- Education: Mitchell High School
- Alma mater: Pennsylvania State University
- Occupation: Gymnastics coach
- Known for: National Team Coach, Master of Sport, High Performance Team co-ordinator for the United States women's national gymnastics team (2018–2021)
- Spouse: Lori Bresciani Forster

= Tom Forster (coach) =

American gymnastics coach

Tom Forster is an American gymnastics coach, entrepreneur, and former gymnast. After Valeri Liukin resigned from the role in February 2018, USA Gymnastics named Forster as the high performance team coordinator for the United States women's national gymnastics team in July 2018 but he later resigned in December 2021. Prior to his position at USA Gymnastics, he found acclaim as a gymnastics coach on the national elite gymnastics circuit after founding and opening the Colorado Aerials Gymnastics facility in Colorado Springs, Colorado, in 1983— a club that has spawned many U.S. National team members and two Olympic Trials competitors.

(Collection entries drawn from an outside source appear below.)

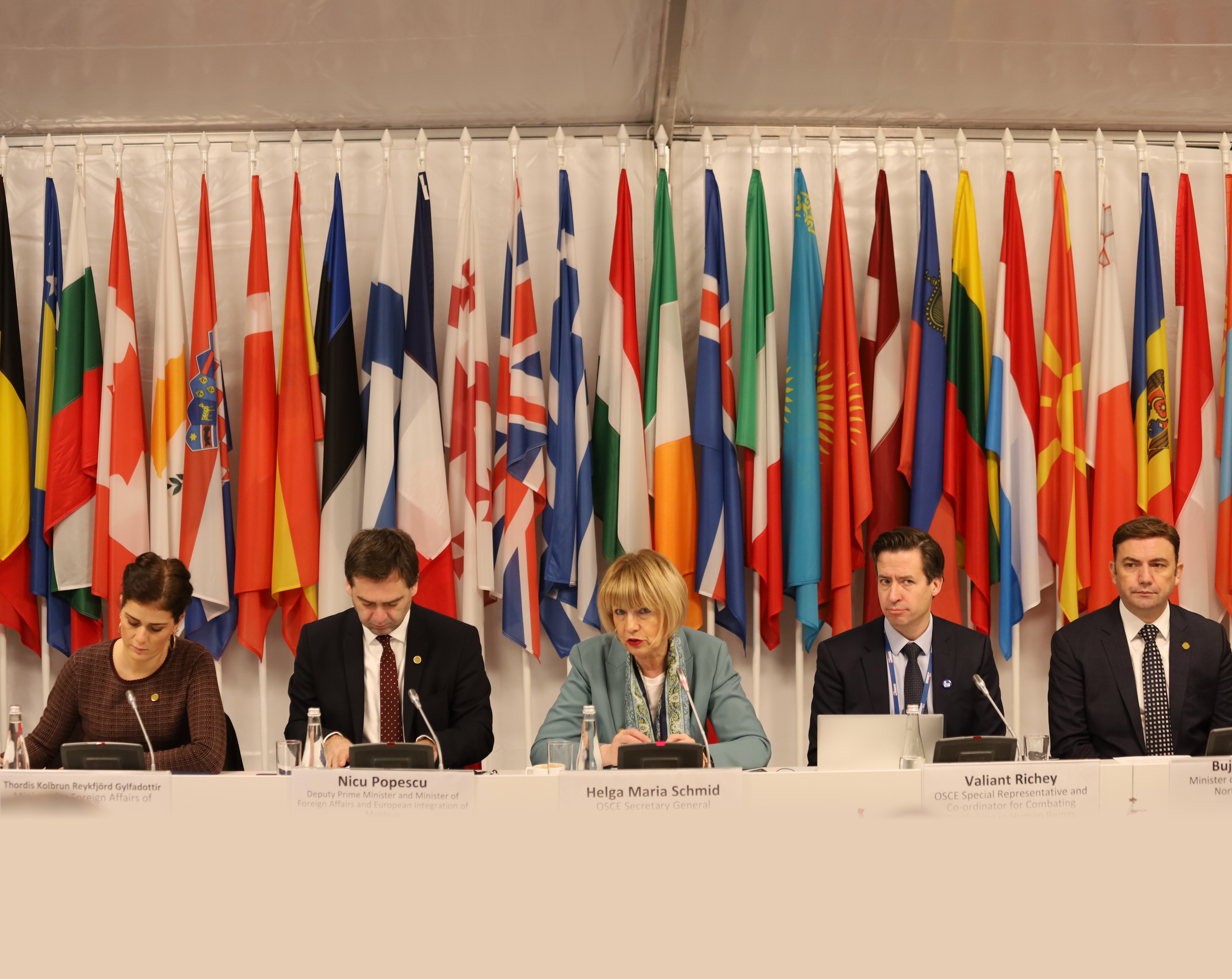 Panelists at the side event on preventing a human trafficking crisis held on the margins of the Ministerial Council held in Łódź, Poland, on 1 December 2022.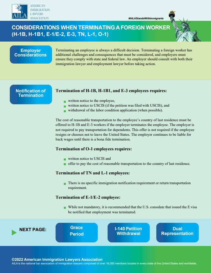 There’s many considerations an employer should consider before terminating a foreign worker in various visa statuses. This American Immigration Lawyers Association flyer outlines some of the information and steps a company will need to take when terminating H-1B, H-1B1, E-1/E-2, E-3, TN, L-1, and O-1 employees.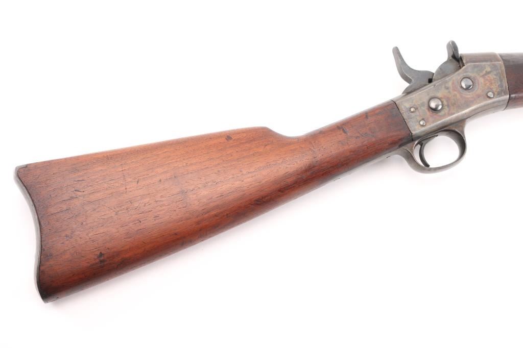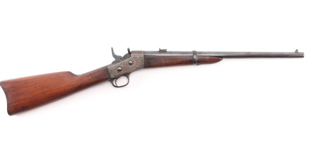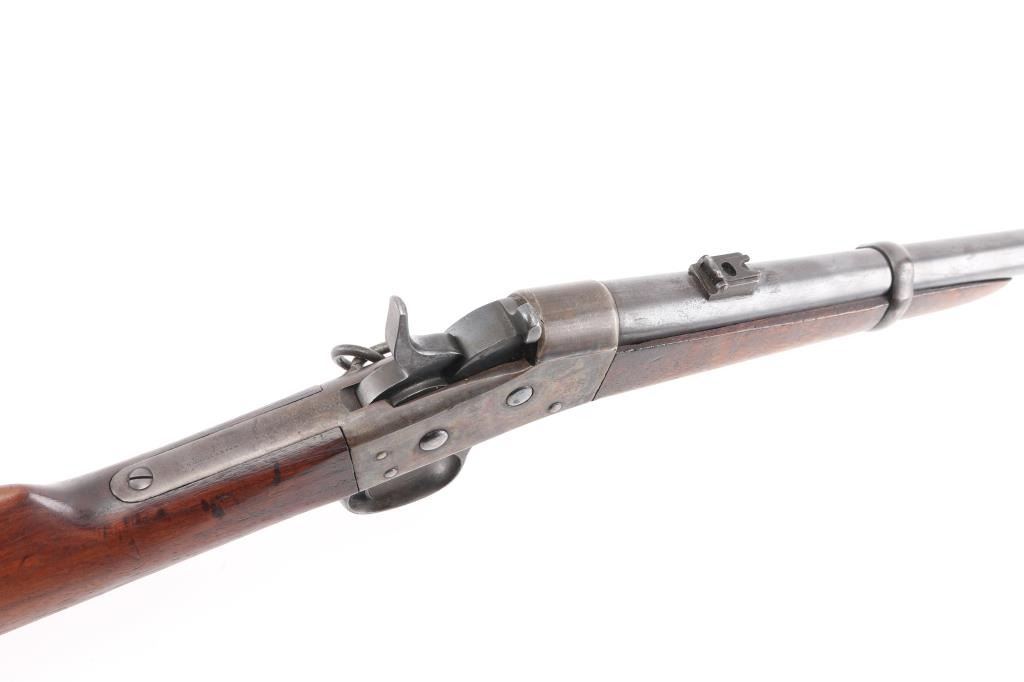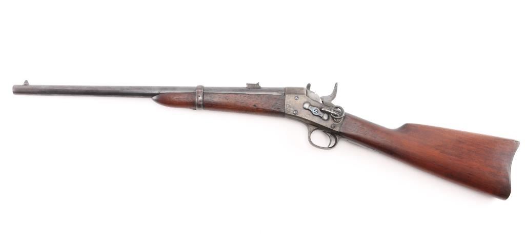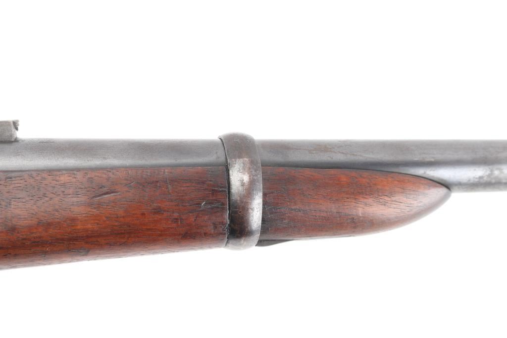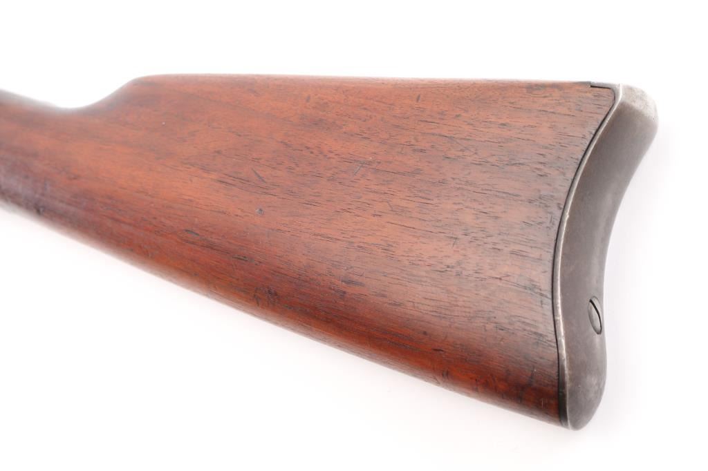 NVSN No. 1 Military Rolling Block carbine. Manufactured between 1867-1888. Not caliber marked, appears to be consistent with 43 Spanish chambering. Features blued barrel & small parts, case hardened receiver, 20.5" barrel, post front sight, two position rear sight with wide "V" notch or multi-notch ladder, saddle ring on left side of receiver, curved metal carbine butt plate. Bore is very good bright condition. Retains 80% finish, some fading of blued finish towards dull dark gray, some beginning of patina on bottom of barrel, with edge losses. Case colors on receiver are good with various typical colors retained, some dulling and muting of colors. Wood is very good, possibly cleaned or lightly sanded, darker colors in dents, oil staining where wood touches metal. Action is sound. Patent markings on upper tang are partially eroded, possibly indicates previous rework, in the past. Condition is NRA Fine *** Antique Firearm ***

After widespread criticism from gymnasts, coaches, and gymnastics fans, he stepped down on December 9, 2021.

== Personal life ==
Forster graduated from Mitchell High School in Colorado Springs, and later Pennsylvania State University where he was a member of the Penn State Nittany Lions men's gymnastics team.

He is married to Lori Forster, with whom he founded Colorado Aerials in 1983. The facility was run by his family until June 2024.